Oct 07, 2006 17:42
This might've been an entry about not writing an entry about not writing an entry about vacation, except that if I explained why it's not an entry about that, it would become the very thing it claims not to be! And rather than cause any tears in the circular-logic continuum, I shall simply change the subject entirely.
Yesterday, I flipped the bathroom light switch and found myself face-to-feeler with a wonderful cat toy. "Cats!" I called. "Centipede!" One of them materialized immediately, briskly sauntering into the room. "Look!" I said, pointing to the hundred feathery legs darkening the corner where the two walls met. The smell of feline neurons working overtime filled the room, and the fearsome predator burst into action. He sat, and peered, and sat some more, then finally reached out and nudged the bug with a paw. It fell to the floor and frantically ciliated across half a tile before getting stomped. The cat then lifted his paw and without further hesitation, licked up the dazed centipede, chewed a little, and then spat out the legless body. Clearly unimpressed, he strolled away with the troubled look of someone with a mouth full of still-twitching disembodied centipede legs. Dee-licious.

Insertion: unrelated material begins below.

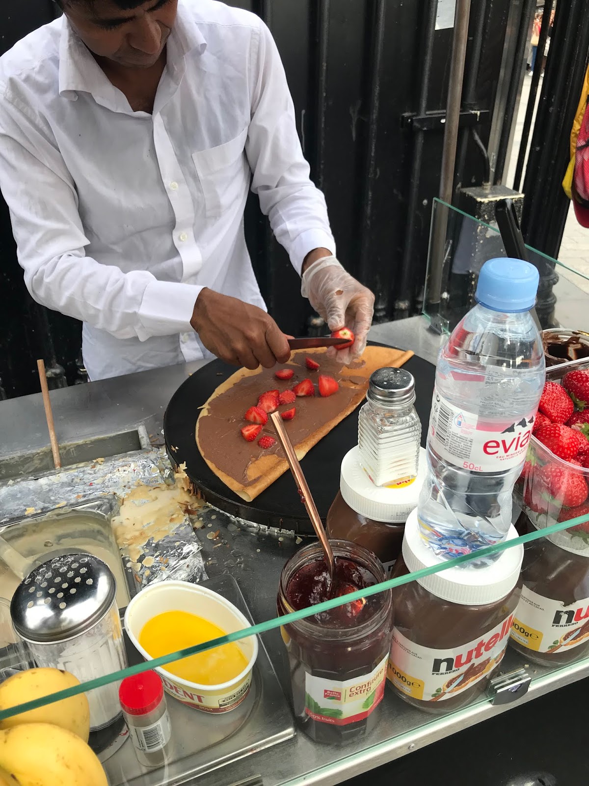 To celebrate the fact I made it up to the top we got French crepes from one of the carts on the corner of Champs Elysees, they seem to always be there in the evenings. I ordered Nutella with strawberries, my mom got Nutella with bananas. It was so cool because he actually makes them right in front of you and they tasted incredible!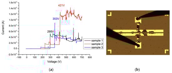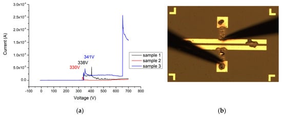 - Shih, C.F.; Hsieh, Y.L.; Chang, L.B.; Jeng, M.J.; Ding, Z.X.; Huang, S.A. Capacitance Characteristics and Breakdown Mechanism of AlGaN/GaN Metal–Semiconductor–Metal Varactors and Their Anti-Surge Application. Crystals 2020, 10, 292. [Google Scholar] [CrossRef]

Today, I got to ride in a tow truck for over an hour with a terminally sniffling palooka behind the wheel and a worthless piece of crap on the flatbed. This condition arose when my awesome thrashing to "White & Nerdy", which made XM's Top 20 station, was rudely curtailed by the dashboard going, "omg beep! hey, beep? hello? I said BEEP, bitch. Now pull the fuck over already." and telling me that the car, much like my oven of yestermonth, was running entirely too hot and would in all probability erupt like Mount Vesuvius, shooting a pillar of flame and molten engine through the hood, blanketing the eastern seaboard with ash and causing nuclear winter if I kept driving. So for the good of the planet, I called AAA and invoked my hundred-mile towing, went home, ate a burrito, and learned from my answering machine that I am the lucky winner of a business trip to Raleigh where I am to be this week's human sacrifice, sent as collateral to appease The Customer with live meat. They better have a damned fine altar to tie me to or I will be severely displeased.